People and organisations
- President: Transitional Sovereignty Council
- Prime Minister: Kamil Idris
- No. of ministers: 22
- Status in legislature: Transitional

History
- Predecessor: Dafallah al-Haj Ali government

= Kamil Idris government =

2025 cabinet of Sudan

The Kamil Idris government is the internationally recognised cabinet of the Republic of Sudan formed when Kamil Idris was appointed as prime minister of Sudan by the president of the Transitional Sovereignty Council, Abdel Fattah al-Burhan on 31 May 2025.

==Background==
Sudanese president Omar al-Bashir was overthrown in a coup d'état in April 2019 following a series of large-scale protests. A 39-month transition to democracy was planned with the role of head of state being performed by a Transitional Sovereignty Council and a transitional government led by Abdalla Hamdok was formed to govern the country until elections planned for July 2023. The transition period ended abruptly when the transitional government was dissolved following a further coup d'état, led by Abdel Fattah al-Burhan, in October 2021. A civil war between the al-Burhan led Sudanese Armed Forces (SAF) and the paramilitary Rapid Support Forces (RSF) led by Mohamed Hamdan Dagalo broke out in April 2023. Initially the RSF gained control of the capital, Khartoum and parts of Southern and Western Sudan. However, by early 2025, the SAF had regained ground around Khartoum and by mid-February 2025, had control over about two thirds of the Khartoum metropolitan area. In January 2026 the government returned to Khartoum after operating from Port Sudan.

==Formation==
Plans for the formation of a transitional government were announced by on 10 February 2025, following sweeping gains made by the Sudanese Armed Forces in recent weeks. Al-Burhan stated that a technocratic cabinet would be led by a civilian prime minister and include independent experts. Sudan's foreign ministry published a roadmap including the formation of a transitional government and a national dialogue with civil society groups, leading to free and fair elections at the end of the transition period.

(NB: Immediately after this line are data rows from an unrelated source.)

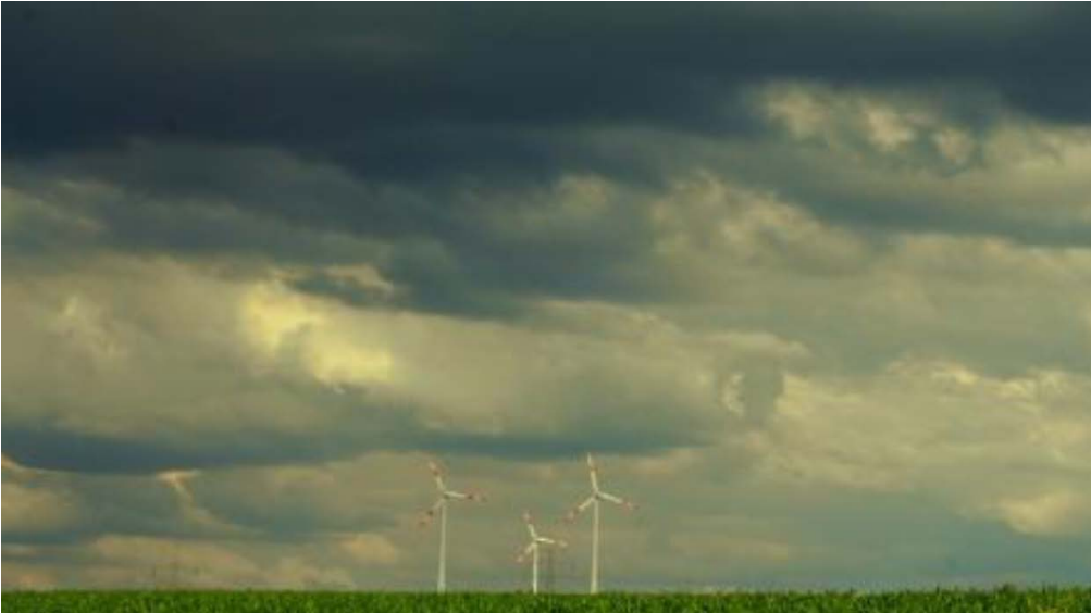
Bild 1: Die friedliche Idylle täuscht. Windräder töten Vögel und Fledermäuse, gefährden Spaziergänger und machen krank. Sie ruinieren unsere Kulturlandschaft, entwerten Grund und Boden, verteuern den Strom und bringen friedliche Bürger gegeneinander auf. Sie sind Symbole des Versagens der Naturschutzverbände und der Politik.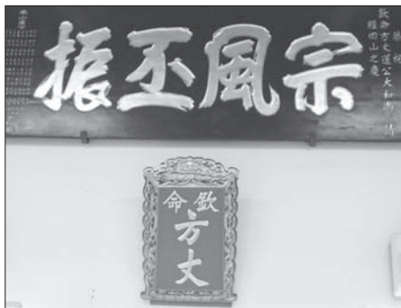
◎極樂寺內懸掛光緒皇帝欽命妙蓮禪師為極樂寺方丈匾額。

尺的觀世音菩薩聖像，是目前世界最高的觀音聖像。聖像，自極樂寺第四任方丈白聖長老便開始興建，至2002年開光，為中國菩薩立像式，面相慈祥，姿態自在安然，矗立在依山而建的平台。巍巍聳立的佛教新地標，令淄素二眾無不生起敬仰歡躍的心。我知道這趟馬來西亞行程趕個早，極樂寺被安排為首站，原因即如悟師父所說：「我們來頂禮白公老人曾駐錫之處。」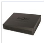
26723 CARTUCCIA EMERGENZA UVOXY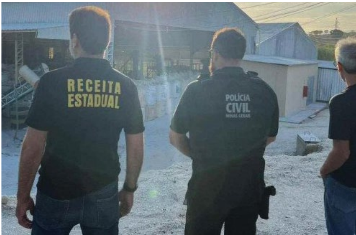
Operação “Fel de Minas”, realizada pelo CIRA-MG, em 2023, contra crimes de sonegação fiscal e lavagem de dinheiro no setor da mineração.

do mais de R$ 16 bilhões desviados pela sonegação em Minas Gerais. Tal resultado fez com que órgãos de outros estados e de outras esferas do Poder Público se aproxi-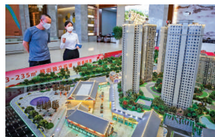
▲貴州市民在售楼处了解樓盤信息。中通社

復旦大學世界經濟研究所所長萬廣華表示，內地經濟恢復向好是必然趨勢，2023年經濟增長有望超過5%。經濟長期恢復的關鍵，取決於各級政府振興消費的政策力度，預測今年3月全國兩會以後，政府能夠出台更多振興消費的政策，補上消費短板。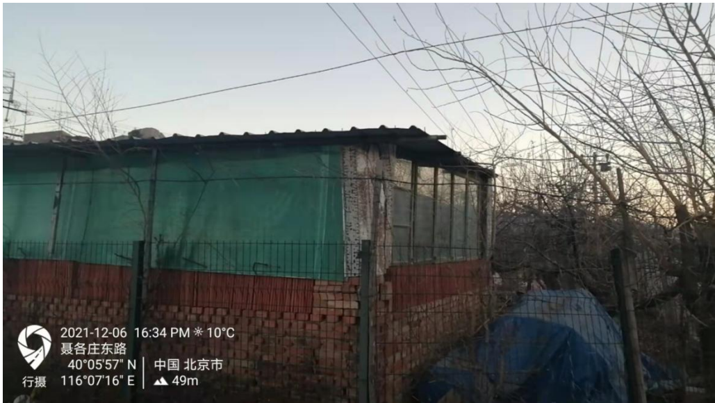
违法占地的棚子示例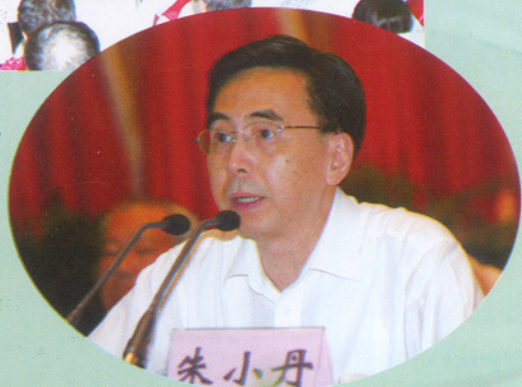
▲ 省委常委、广州市委书记、市人大常委会主任朱小丹出席大会并作讲话。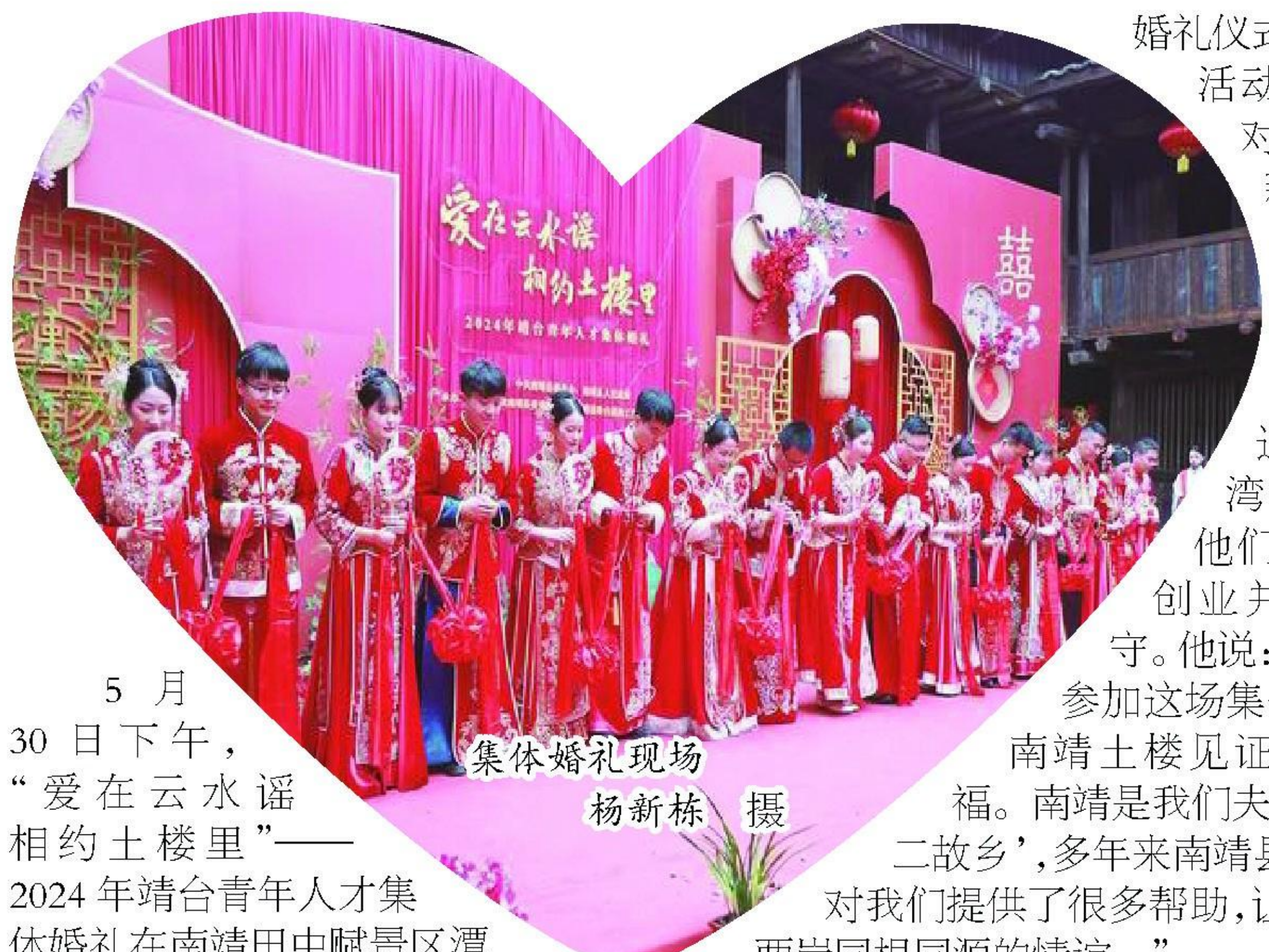
5月30日下午,“爱在云水谣相约土楼里”——2024年靖台青年人才集体婚礼在南靖田中赋景区潭角楼举办。活动邀请了8对漳台青年人才,为他们举办了一场喜庆热闹的传统中式婚礼。

The foreign ministry requested support from the African Union, the United Nations, and the Arab League to support the roadmap. On 18 February 2025, the Rapid Support Forces announced plans to form their own rival government, the Government of Peace and Unity, to administer the parts of Sudan under RSF control. On 19 February 2025, the Transitional Sovereignty Council updated the transitional constitution, paving the way for the formation of a new transitional government.

Kamil Idris was named prime minister by the Transitional Sovereignty Council on 19 May 2025. The appointment of a new prime minister and formation of a civilian-led transitional government was welcomed by the United Nations, African Union and the Intergovernmental Authority on Development. On 29 July 2025, the African Union's Peace and Security Council reiterated its recognition of the Transitional Sovereignty Council and the transitional civilian government as the two legitimate authorities in Sudan.

==Ministers==
Kamil Idriss was named prime minister by the Transitional Sovereignty Council on 19 May 2025 and sworn in on 31 May 2025. Plans for a 22 ministerial team, dubbed the "Government of Hope", were outlined by prime minister Kamil Idris on 19 June 2025.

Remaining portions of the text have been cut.